For his part, Hausmann likened Elián to Sophocles’s Antigone, in which a central character, Polyneices, is offstage and the focus is on the wrangling over what to do with his body.
“What makes Antigone such a good play?” Hausmann mused. “The answer to that I think is that you have someone like Creon who created a law, the law says you can’t bury a traitor. He’s right, it’s the law, it makes sense. But you have somebody like Antigone who says, ‘Well, this is my brother. You have to bury him, even if it’s against the law, it’s the right thing to do—the law is wrong.’ So you can argue both sides. With Elián you have something similar in the community, where you have somebody who says a child belongs to his father, and the other argument is that, yes, the mother gave her life so that her child could be in a free society. I think that the exploration of both is what makes great theatre.”

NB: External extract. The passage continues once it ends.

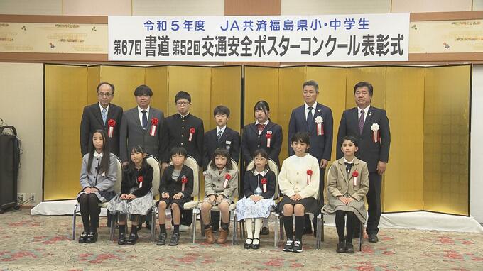 小中学生を対象にした書道と「交通安全ポスター」のコンクールの表彰式が11日、福島市で行われました。このコンクールは、子どもたちに交通安全への関心をもってもらおうとJA共済連福島などが毎年、開催しているも…
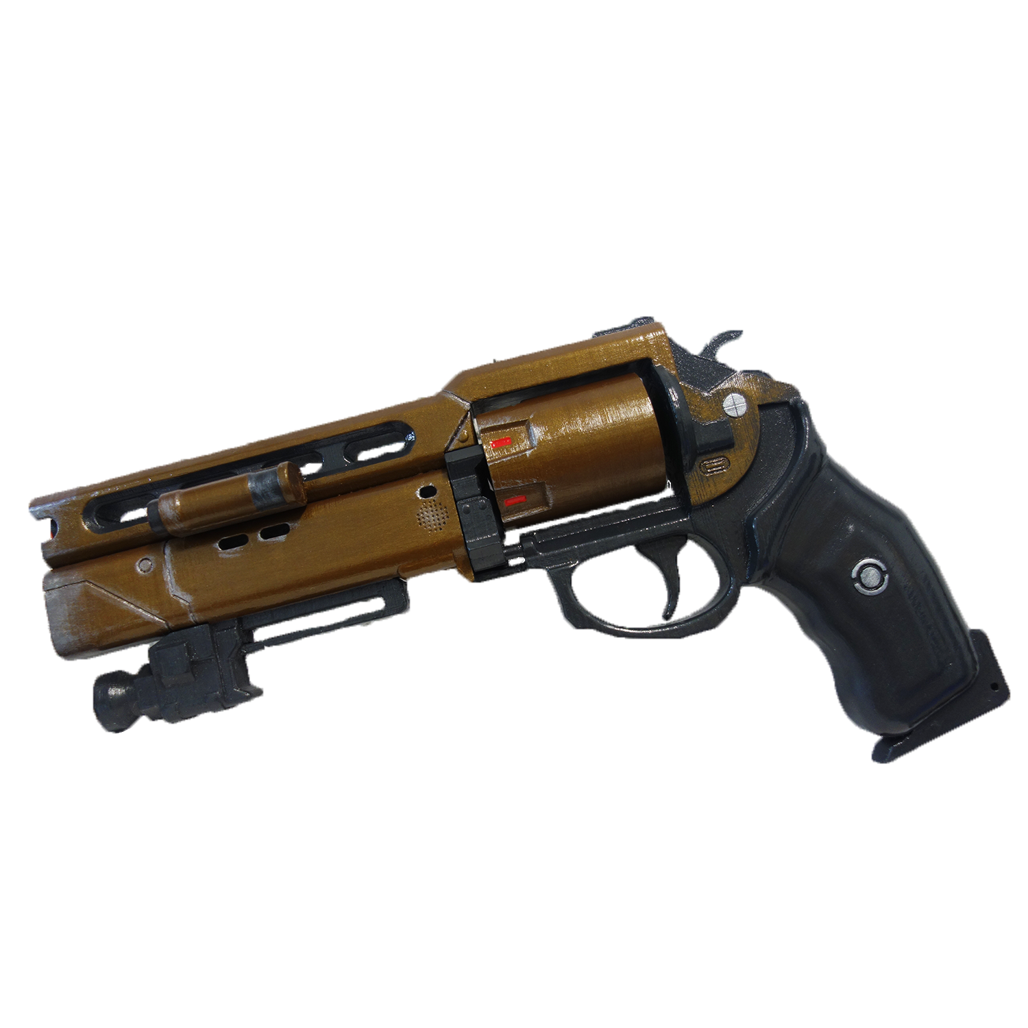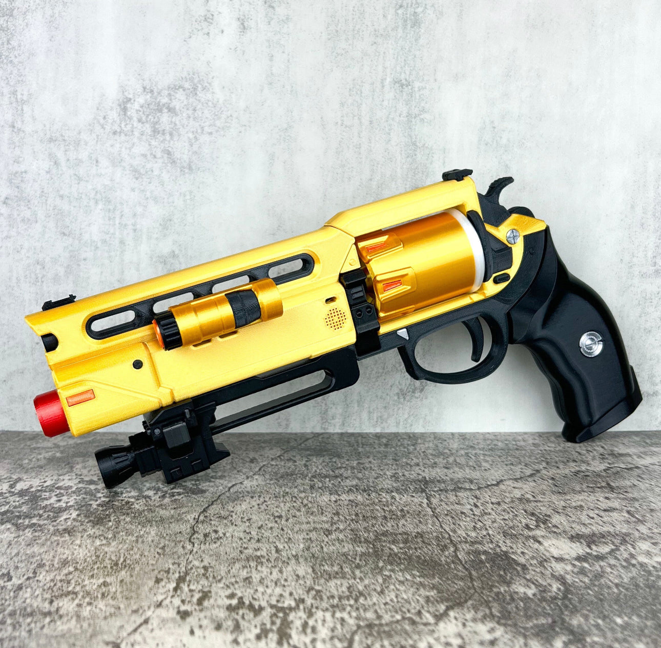 This gun is 3D printed of PLA plastic (human-friendly material) and a metal Frame, assembled and sanded, hand painted with acrylic paint and varnished with a satin/glossy finish, so the paint could remain as long as possible. These Are All Custom Made and Not Cheaply made.

Elián’s saga lasted about six months, from late November of 1999 until April of 2000, when, during a pre-dawn raid, armed U.S. federal agents seized Elián from his relatives’ home and reunited him with his father, who took him back to Cuba two months later. During those two months, there were court proceedings and demonstrations and counter-demonstrations in Miami that were covered as part of the 24-hour news cycle. Now, 23 years later, González works for a state-run company in Cuba and has started a family of his own there. It would seem that he’s done his share of reckoning with the events of his childhood. Now Elián offers a chance for Miami to do its own reckoning with his brief time there.
Shoshana Greenberg (she/her) is a writer based in New York City.